(Dataset records)

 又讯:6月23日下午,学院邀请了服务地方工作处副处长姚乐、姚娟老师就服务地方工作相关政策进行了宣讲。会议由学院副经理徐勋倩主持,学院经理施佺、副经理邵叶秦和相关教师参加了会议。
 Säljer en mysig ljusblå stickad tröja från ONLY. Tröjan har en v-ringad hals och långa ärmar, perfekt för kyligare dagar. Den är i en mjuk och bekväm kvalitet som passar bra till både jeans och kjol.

(End Dataset records)
(Dataset records)

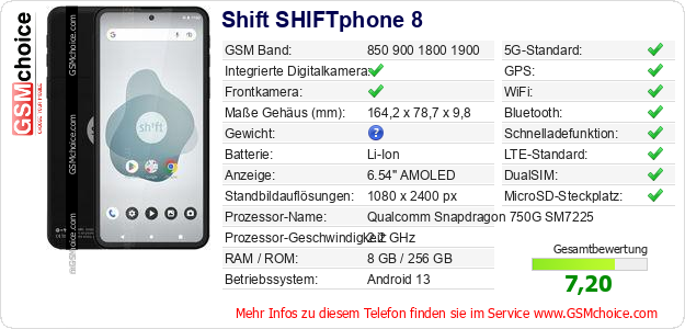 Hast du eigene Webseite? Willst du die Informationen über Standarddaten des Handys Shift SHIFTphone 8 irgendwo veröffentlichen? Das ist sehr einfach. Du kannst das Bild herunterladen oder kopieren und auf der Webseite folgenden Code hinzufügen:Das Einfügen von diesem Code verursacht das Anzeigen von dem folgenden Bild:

(End Dataset records)
(Dataset records)

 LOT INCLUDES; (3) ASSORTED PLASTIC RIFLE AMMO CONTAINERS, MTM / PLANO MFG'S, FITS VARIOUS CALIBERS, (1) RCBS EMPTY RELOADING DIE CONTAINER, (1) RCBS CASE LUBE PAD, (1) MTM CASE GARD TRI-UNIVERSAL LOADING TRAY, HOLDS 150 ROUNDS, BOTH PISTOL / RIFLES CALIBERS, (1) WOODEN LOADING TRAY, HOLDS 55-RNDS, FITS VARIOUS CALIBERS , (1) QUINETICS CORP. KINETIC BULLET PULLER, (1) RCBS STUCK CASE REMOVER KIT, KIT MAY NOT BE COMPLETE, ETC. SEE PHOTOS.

(End Dataset records)

Exercise:
Find the line with "又讯:6月23日下午,学院邀" in the entries above. Retype it and each line after it, exactly, through the line with "Säljer en mysig", and stop there.

Answer for the task:
 又讯:6月23日下午,学院邀请了服务地方工作处副处长姚乐、姚娟老师就服务地方工作相关政策进行了宣讲。会议由学院副经理徐勋倩主持,学院经理施佺、副经理邵叶秦和相关教师参加了会议。
 Säljer en mysig ljusblå stickad tröja från ONLY. Tröjan har en v-ringad hals och långa ärmar, perfekt för kyligare dagar. Den är i en mjuk och bekväm kvalitet som passar bra till både jeans och kjol.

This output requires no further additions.